(CN) – Attorneys for the American Civil Liberties Union and public defenders seemed to agree before the Fifth Circuit on Monday that a waiting list for representation in Louisiana violates poor defendants’ rights to a speedy trial and assistance of counsel.
“Our position is that this is an issue that may come up again,” said attorney Sara Valentine, who represented public defender Derwyn Bunton. “And this is an issue that we believe there is a constitutional violation. Once a court has identified a constitutional violation, it has broad authority.”
This prompted the panel of Fifth Circuit judges to ask: Where was the controversy between the ACLU and the Louisiana Public Defenders Office? Did they actually have an adversarial relationship?
In January 2016, the ACLU filed a federal class action on behalf of three people accused of crimes – including armed robbery and vehicular homicide – who were put on a waiting list until a public defender could represent them.
While the complaint said the Louisiana Public Defender’s Office represents 85 percent of criminal defendants in the state, its funding comes mostly from the collection of fines, such as traffic tickets, which the ACLU argued is an unreliable revenue stream.
The lawsuit named as defendants Bunton, chief district defender for Orleans Parish, and Louisiana State Public Defender James T. Dixon Jr.
Because they were waiting to be assigned public defenders, the plaintiffs in the suit were unable to challenge bail conditions or preserve evidence that might help their defense, and they languished in pretrial detention, according to the lawsuit.
The ACLU asked the court for declaratory relief finding the system of waiting lists for public defenders violates the Sixth and 14th Amendments, but a judge dismissed the case, prompting an appeal to the Fifth Circuit.
When ACLU attorney Brandon Buskey stood to make his case Monday, the panel made up of U.S. Circuit Judges E. Grady Jolly, Jennifer Walker Elrod and Don Willett spent the time, in their words, “pounding” him with questions.
The big question was whether suing the public defender’s office in federal court was the best way to solve the problem.
Regarding the public defender’s work with the wait-listed individuals, Elrod asked, “Did they file speedy-trial motions to dismiss?”
“Did they pursue any relief whatsoever for this conundrum that the state court was creating by just continuing these proceedings over and over again?”
After asking a clarification question, Buskey said, “Not to my knowledge. The public defenders can speak to that, whether or not they filed any motion.”
“Well,” Elrod replied, “the fact that no relief was sought from the court that had the power to grant the relief is a big problem in this case.”
The judges suggested the suit was a public relations stunt designed to convince the Louisiana lawmakers to better fund the program.

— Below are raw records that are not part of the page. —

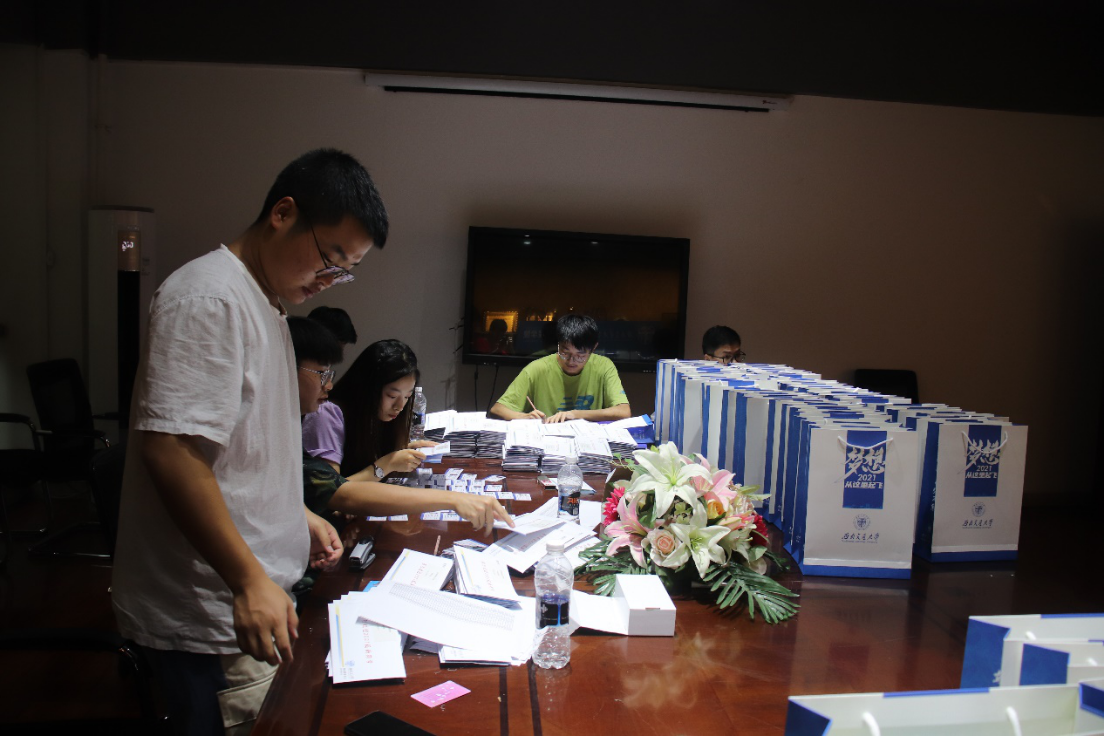 公司的领导、辅导员老师、以及志愿者们付出了巨大努力。我们的迎新准备自8月27日便有条不紊的开始进行。8月30日上午11点,志愿者们在三栋楼下搬运物资。 8月31下午,志愿者为新生装配一卡通,水卡等,并按学号排序,以便报到时发放。8月31日,为新生装配开学纪念礼品,其中包含了印有学号姓名的钥匙扣,以及纪念书签和卡袋。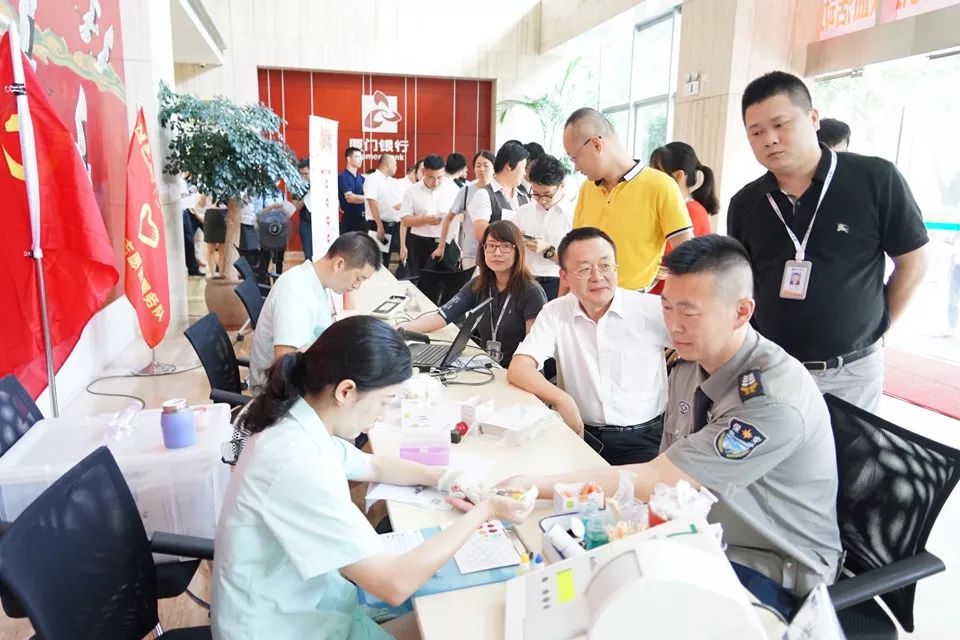 為履行社會責(zé)任,傳播志愿服務(wù)精神,爭創(chuàng)全國文明單位,7月19日下午,贈人玫瑰,手留余香——廈門銀行紀念建黨98周年無償獻血活動在廈門銀行總行一樓舉辦。近百名獻血志愿者獻出自己寶貴的鮮血。填表、體檢、血液初篩、采血,全程秩序井然,累計獻血量近2萬毫升。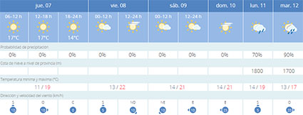Dit blijkt uit de huidige vooruitzichten van het weerstation Aemet (Agencia Estatal de Meteorología). Het weekeinde belooft vooralsnog vooral zonnig te worden met temperaturen die de grens van de 20 graden regelmatig overstijgen. Wél wordt er met ingang van maandag 11 april opnieuw regen voorspeld, waarbij de temperaturen weer iets zakken.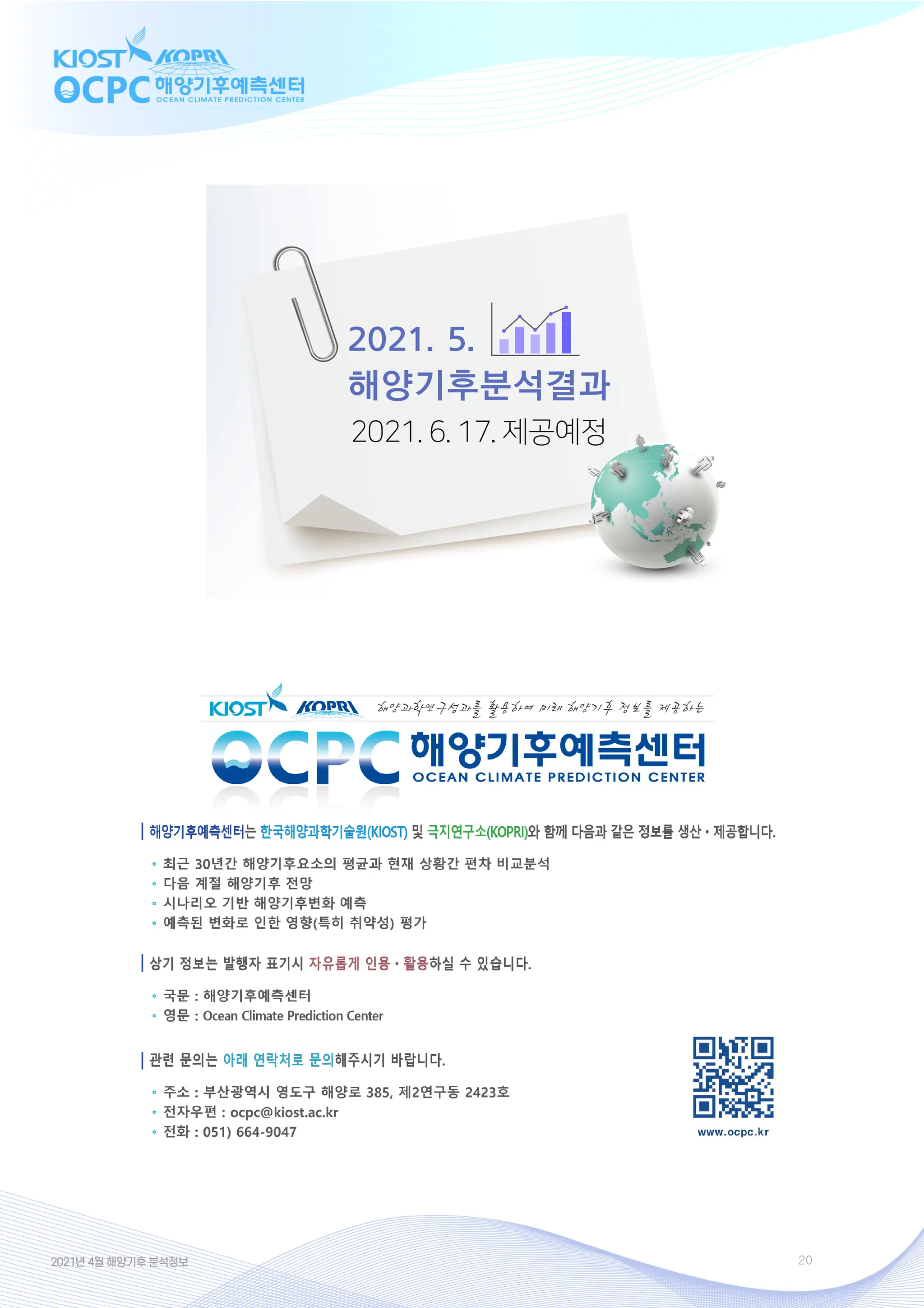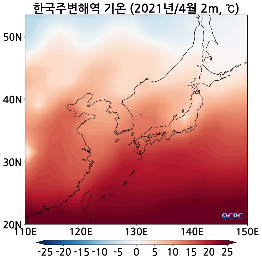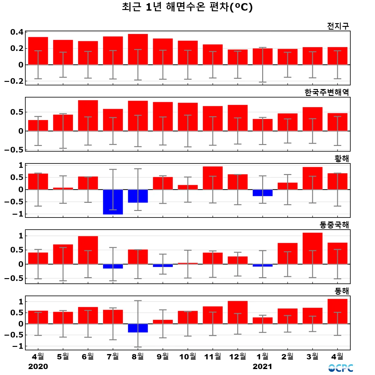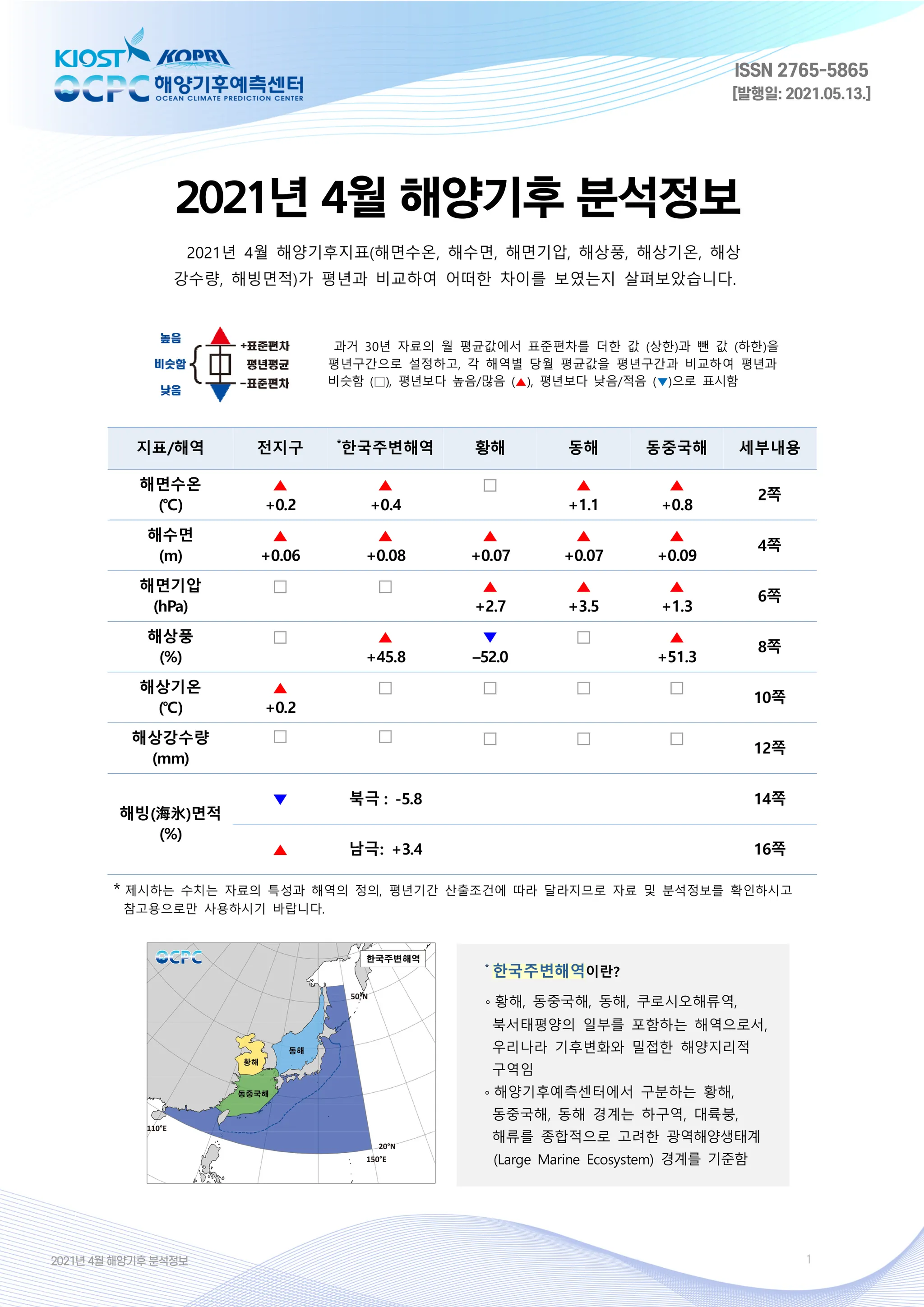 최근 30년 동안 4월 전지구 평균 해상기온은 10년마다 약 0.2 °C씩 증가하는 추세이나, 한국주변해역은 10년마다 약 0.1 °C씩 감소하는 추세입니다.

It is the court’s job – not the public defenders’ — to appoint representation, the judges said.
Even though the public defender’s office is the first place a court goes to find representation for low-income defendants, they could even conscript lawyers standing in the hall. If the situation was so dire, the panel pointed out, the federal government could sue the state.
Attorney John Landis, who represented State Public Defender Dixon, told the court that the Louisiana Legislature made changes so that more money was going to fund the public defense of non-capital cases.
New Orleans also provided more cash so that by the time the lawyers stood before the Fifth Circuit on Monday, the plaintiffs in the case were no longer waiting for public defenders.
Only seven people accused of capital offenses were waiting for representation across the whole state.
But Landis said those actions did not solve the wait-list problem, and the ACLU and the public defenders office had submitted a negotiated consent judgment in the district court.
“While that may not require that the state Legislature provide funding,” Landis said, “I think it may well cause them to consider it.”
No timetable has been set for the Fifth Circuit’s decision.